Hypoglycemie kan optreden wanneer u bijvoorbeeld te veel insuline toegediend kreeg en/of te veel bloedsuikerverlagende tabletten heeft ingenomen. Een hypo is vaak een combinatie van verschillende factoren en doet zich o.a. voor wanneer u meer beweegt (wandelen, poetsen, sporten,…), minder eet, een maaltijd overslaat, er te veel tijd is tussen de insuline inspuiting en maaltijd, insuline in de spier spuit, te veel alcohol drinkt of het warm weer is waardoor de ingespoten insuline sneller wordt opgenomen.

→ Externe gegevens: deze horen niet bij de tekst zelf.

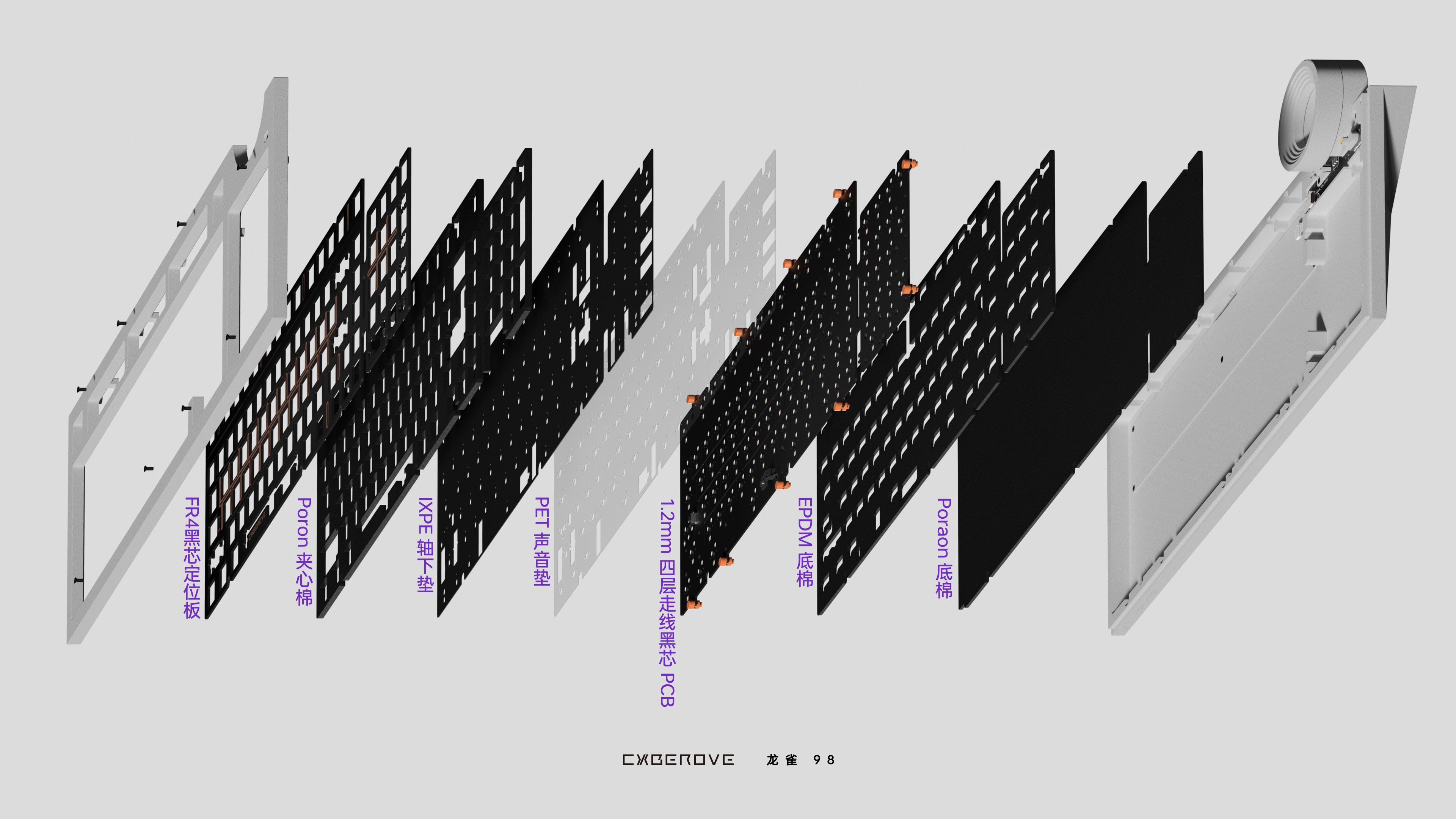 The "Dragon Sparrow 98" features a PCB Gasket structure, supported by 12 silicone columns that hold the entire interior.

Afhankelijk van de ernst van de hypoglycemie kunnen zich volgende symptomen voordoen: beven, hartkloppingen, extreem zweten, troebel zicht, concentratiestoornissen, hoofdpijn, duizeligheid, slecht humeur, agressie en mogelijk ook bewusteloosheid. Deze symptomen treden snel op en verschillen van persoon tot persoon, maar meestal zullen dezelfde symptomen zich steeds opnieuw voordoen.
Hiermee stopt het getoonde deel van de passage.